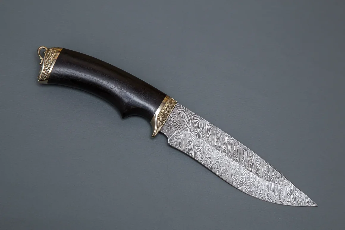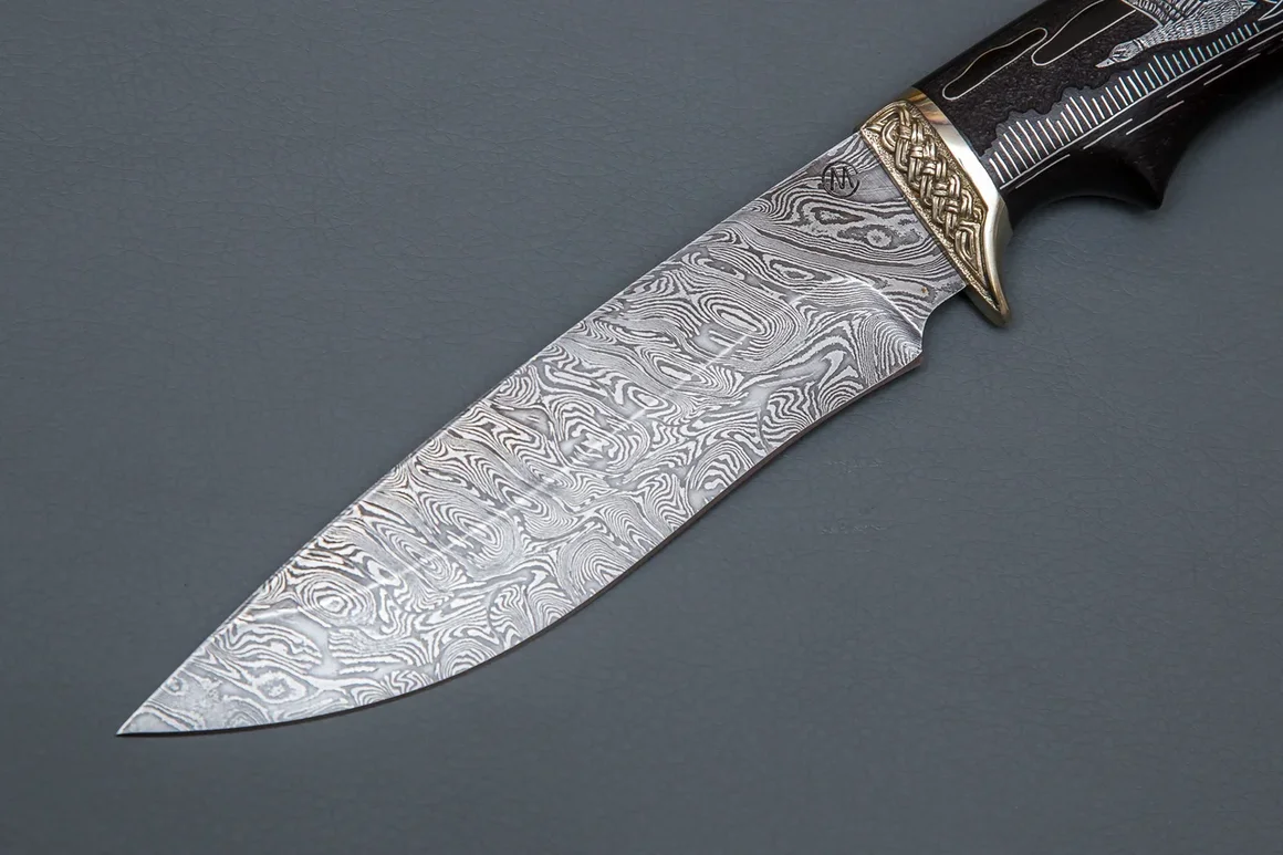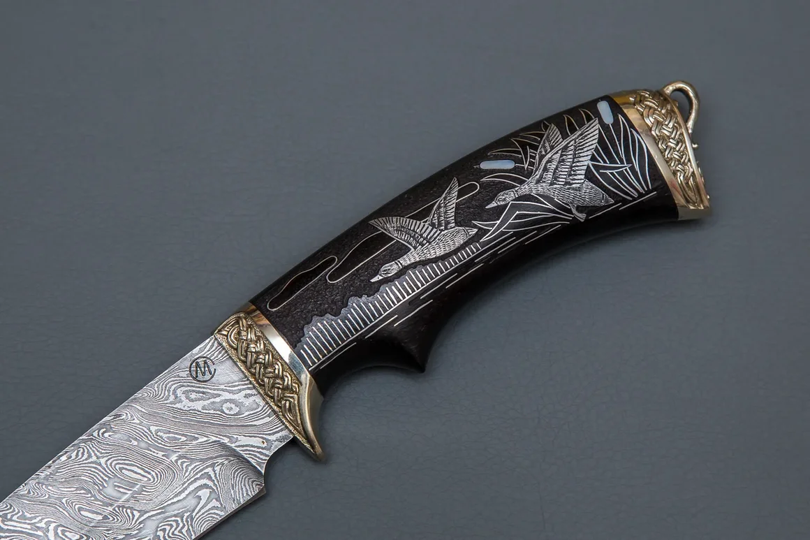 Нож из дамасской стали «Близнец» с гравировкой, рукоять литье охота,черное дерево,инкрустация
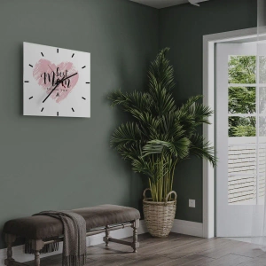 Väggklocka - Klocka på glas - Ett rosa hjärta med orden "bästa mamma" på vit bakgrund - 30x30cm - Alltid rätt ögonblick - Modern väggdekoration för vardagsrum, kök och sovrum ARTTOR
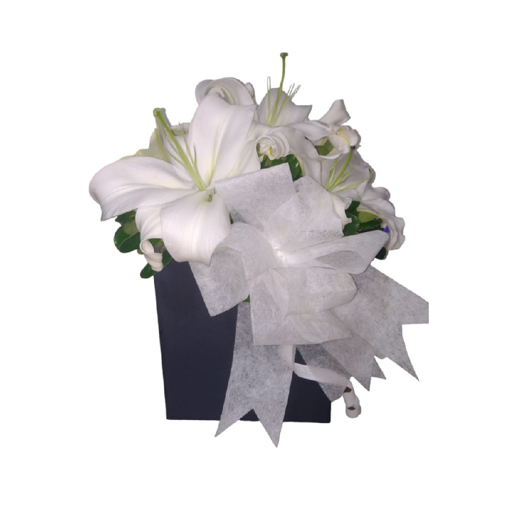 RAMO DE FLORES EN CAJA CON LIRIOS BLANCOS
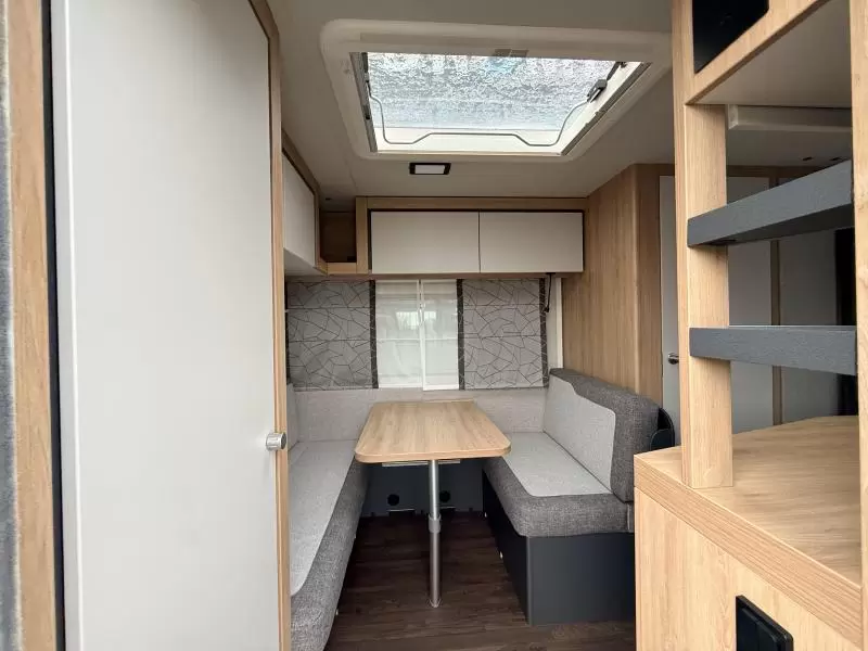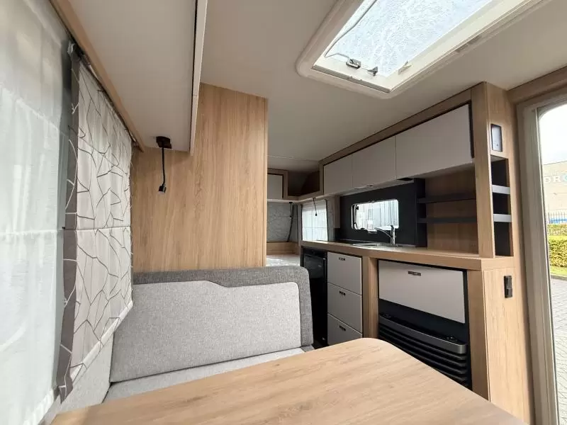 Het grote dakluik zorgt voor veel daglicht in de caravan, ook biedt het een prima ventilatiemogelijkheid. Voor een goede verdeling van de verwarmde lucht is de caravan voorzien van een circulatiesysteem.

++++++++++

> PROBLEM TO SOLVE:
Transcribe all of the material exactly and leave out its pictures.

> SOLUTION FOR THIS TASK:
 Нож из дамасской стали «Близнец» с гравировкой, рукоять литье охота,черное дерево,инкрустация
 Väggklocka - Klocka på glas - Ett rosa hjärta med orden "bästa mamma" på vit bakgrund - 30x30cm - Alltid rätt ögonblick - Modern väggdekoration för vardagsrum, kök och sovrum ARTTOR
 RAMO DE FLORES EN CAJA CON LIRIOS BLANCOS
 Het grote dakluik zorgt voor veel daglicht in de caravan, ook biedt het een prima ventilatiemogelijkheid. Voor een goede verdeling van de verwarmde lucht is de caravan voorzien van een circulatiesysteem.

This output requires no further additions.